Scientists in the UK are hoping to develop a new vaccine using patients’ own blood cells to suppress the effects of rheumatoid arthritis; if successful the work will signal a major breakthrough in the treatment of the auto-immune disease.

Newcastle University’s Musculoskeletal Research Group is to carry out the research, which is being funded by a 216,000 pound grant from the medical research charity the Arthritis Research Campaign. Leading the team is John Isaacs, Professor of Clinical Rheumatology at the University; in a press statement he called the work, which is currently at a very early experimental stage, “hugely exciting”.

Isaacs and his team will be testing the effectiveness of the experimental vaccine in 8 volunteer patients being treated for rheumatoid arthritis at the Freeman Hospital. The pilot trial will roll out to a larger trial eventually, depending on how successful the vaccine proves to be.

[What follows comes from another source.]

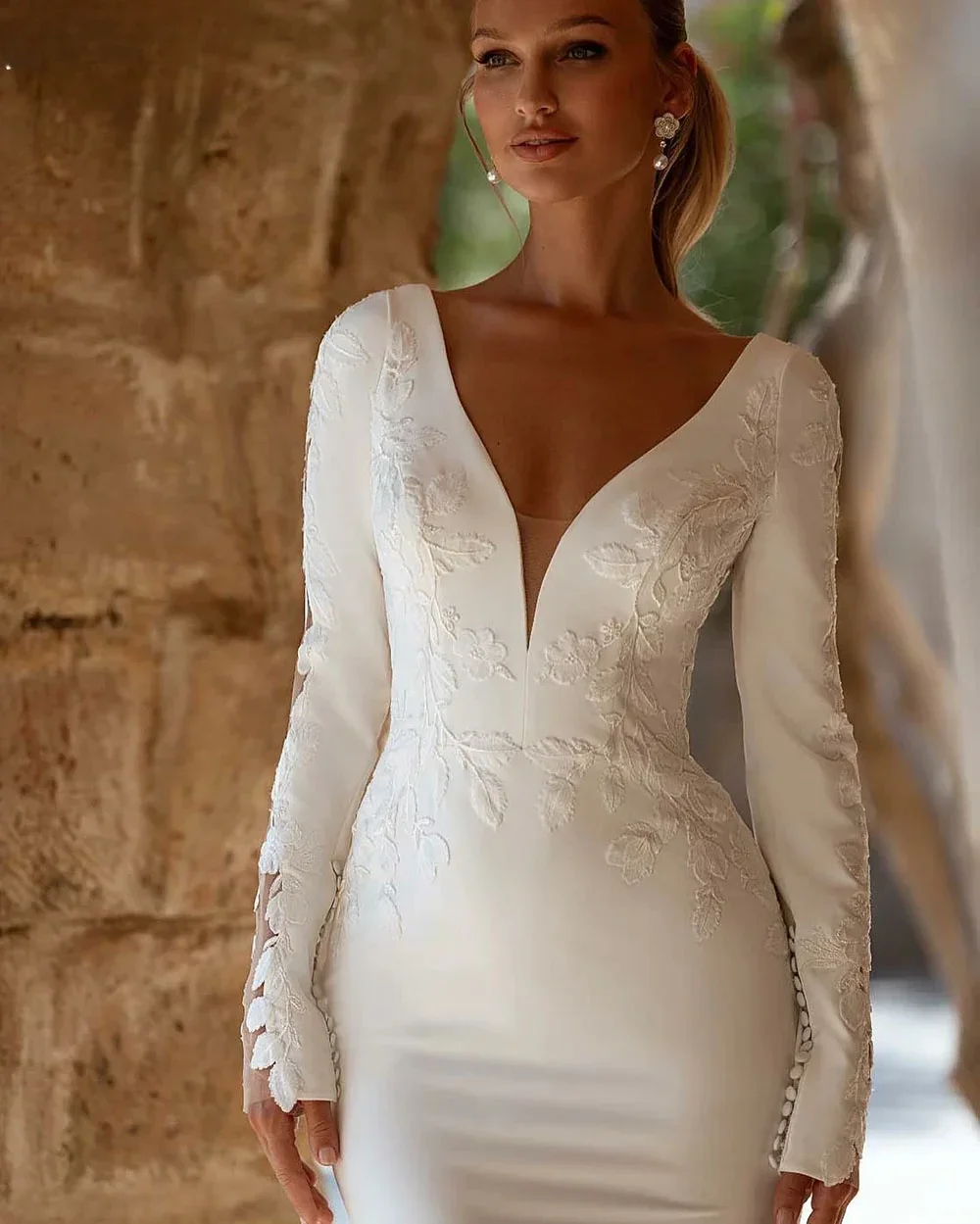 Customized Graceful V-Neck Mermaid Satin Wedding Dresses Long Sleeves Lace Appliques Bridal Gowns Backless Wedding Dress

Healthy immune systems protect the body by fighting infection, but in some people the immune system goes too far and starts to attack healthy tissue as well, causing it to become inflamed and painful, the characteristic symptoms of rheumatoid arthritis.

Scientists believe that what stops a healthy immune system from becoming overactive and causing rheumatoid arthritis is having the right balance between mature dendritic cells that activate the immune system and tolerogenic dendritic cells that suppress it.

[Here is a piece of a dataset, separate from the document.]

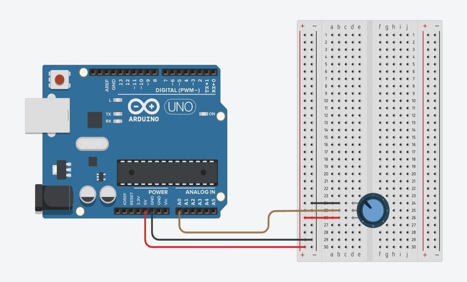 Le circuit d’étude dispose d’un potentiomètre dont le « point milieu » est relié à la broche A0 de l’Arduino.
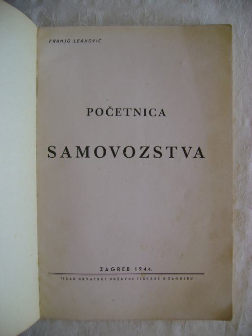 Franjo Leaković - Početnica samovozstva; Priručnik za samovoznu službu, 1. dio - izdavač Ministarstvo oružanih snaga, Glavnostožerni ured, Zagreb 1944. godine, 14 x 20 cm, meki uvez i papirnati omot, 87 stranica, bogato ilustrirano crtežima, tiskala Hrvatska državna tiskara.

Isaacs and his team hope to increase immune system suppression in people with rheumatoid arthritis by causing some of their white cells to transform into tolerogenic dendritic cells. This can be done, they think, by mixing the white blood cells with chemicals, steroids and vitamin D and then reinjecting them back into the patient’s knee like a vaccine.

Isaacs said that previous research suggested this would lead to a suppression of the auto-immune response. The team will then take cell biopsies two weeks after the vaccine has been injected to check whether the desired response has taken place, and whether it only affected the injected joint or whether it has spread via lymph nodes to other parts of the body.

In the UK alone there are over 350,000 people living with rheumatoid arthritis. There is no cure for this painful condition, although the Arthritis Research Campaign said that new drugs such as one it pioneered and developed itself, called anti-TNF therapy, have revolutionized its treatment in the last 10 years. But the downside of current treatments is that they suppress the immune system too far, leaving the patient open to the risk of infection.

The new vaccine being explored by Isaacs and his team would have the benefit of switching off unwanted immune responses, without suppressing that part of the immune system that protects against infection by outside agents.

The team at Newcastle are not looking for any more volunteers for this research.